Jakarta, Gatra.com- Peneliti senior Indonesia Ocean Justice Initiative (IOJI) Andreas Aditya Salim membahas pendeteksian kapal riset China Yuan Wang 5 yang sempat melintas di Selat Sunda.
Diketahui kapal riset Yuan Wang 5 adalah kapal riset tercanggih yang memiliki kemampuan pengendalian satelit dan rudal balistik yang dioperasikan oleh salah satu unit tentara Angkatan Bersenjata Pemerintah China.
Pada 11 Agustus 2022, kapal Yuan Wang 5 diagendakan bersandar di pelabuhan Hambantota, Sri Lanka. Namun, sudah ada kekhawatiran dari India untuk mengingat kemampuan yang dimiliki oleh kapal tersebut dan keamanan nasional pemerintah Sri Lanka.
Saat ingin kembali ke China, IOJI memantau kapal Yuan Wang 5 melewati Selat Sunda menuju ke Utara dengan melewati Pulau Sangiang dan Pulau Tunda.
“Berkaitan dengan hal ini, kita perlu tahu bahwa pemerintah Indonesia punya hak untuk menetapkan archipelagic sea lanes, atau garis alur laut kepulauan, itu adalah garis yang harus dipatuhi oleh kapal asing mana pun yang ingin melintas harus melewati garis itu,” kata Andreas dalam press briefing IOJI “Analisis Keamanan Maritim dan Ancaman IUU Fishing” melalui Zoom di Jakarta, Senin (31/10).
Meskipun demikian, secara lebih khusus lagi, Pasal 53 ayat 6 UNCLOS memberikan hak bagi negara kepulauan seperti Indonesia untuk menetapkan traffic separation scheme Selat Sunda.

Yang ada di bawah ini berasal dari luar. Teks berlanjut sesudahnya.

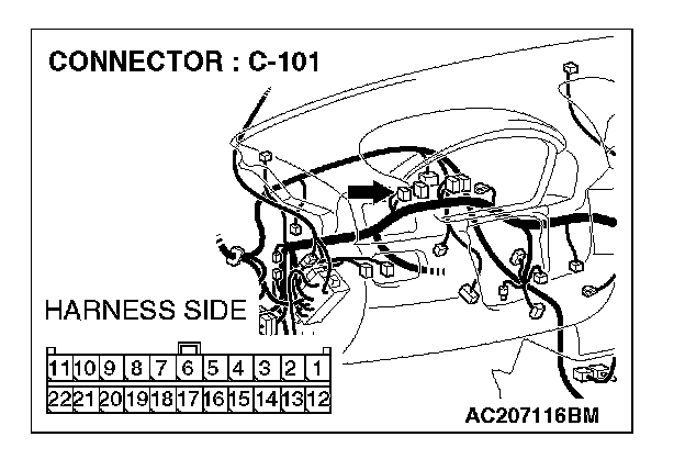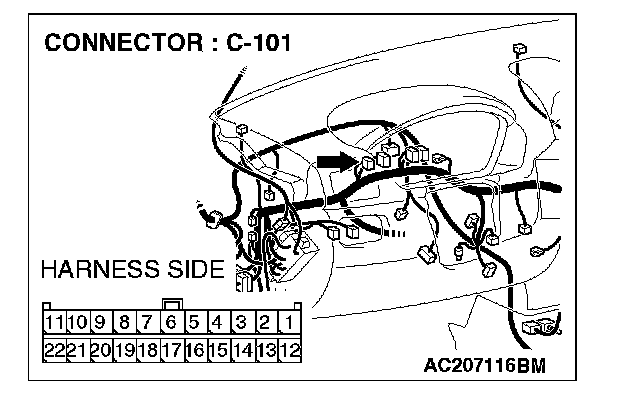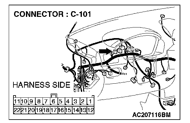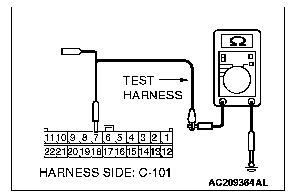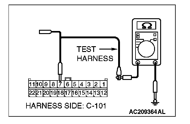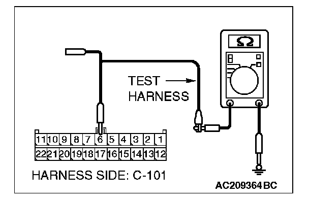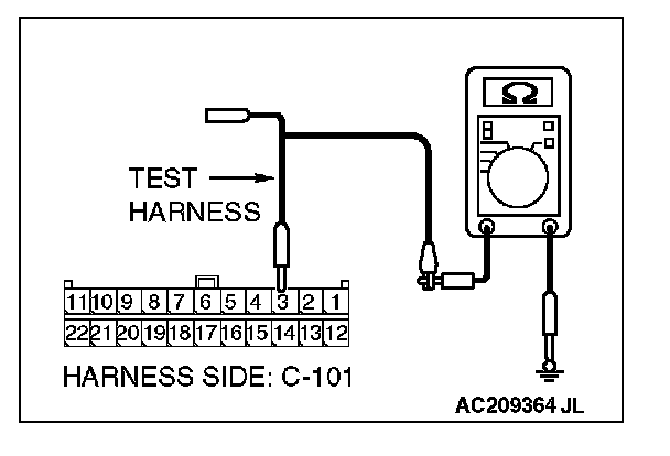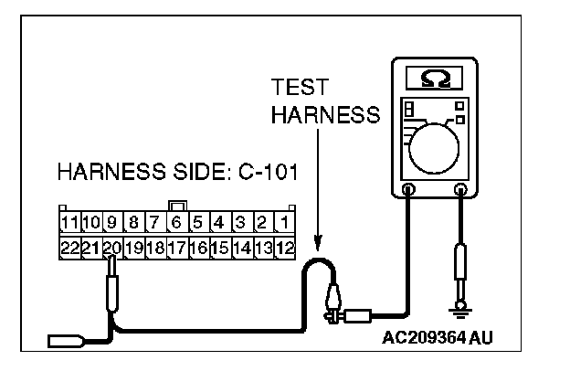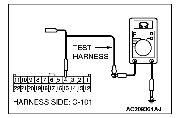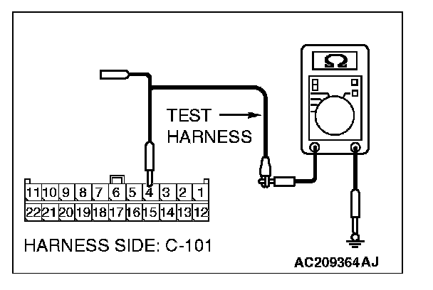 1. Disconnect joint connector (4) C-101 and ETACS-ECU connector C-218, and measure the resistance at the wiring harness side of joint connector (4) C-101.

Pasal 53 ayat (11) UNCLOS 1982 mengatur setiap kapal asing saat melintas wajib menghormati TSS yang ditetapkan Indonesia dengan cara melintas pada jalur TSS tersebut dan patuh terhadap berbagai ketentuan teknis yang ditetapkan saat melintas.
Jalur TSS Selat Sunda telah diadopsi oleh IMO10 dan lebih lanjut ditetapkan dalam Keputusan Menteri Perhubungan RI Nomor KM 130 Tahun 2020 tentang Penetapan Sistem Rute di Selat Sunda (“Kepmenhub 130/2020”). Aturan ini mewajibkan setiap kapal yang melintas di Selat Sunda untuk melintasi di sebelah barat Pulau Sangiang.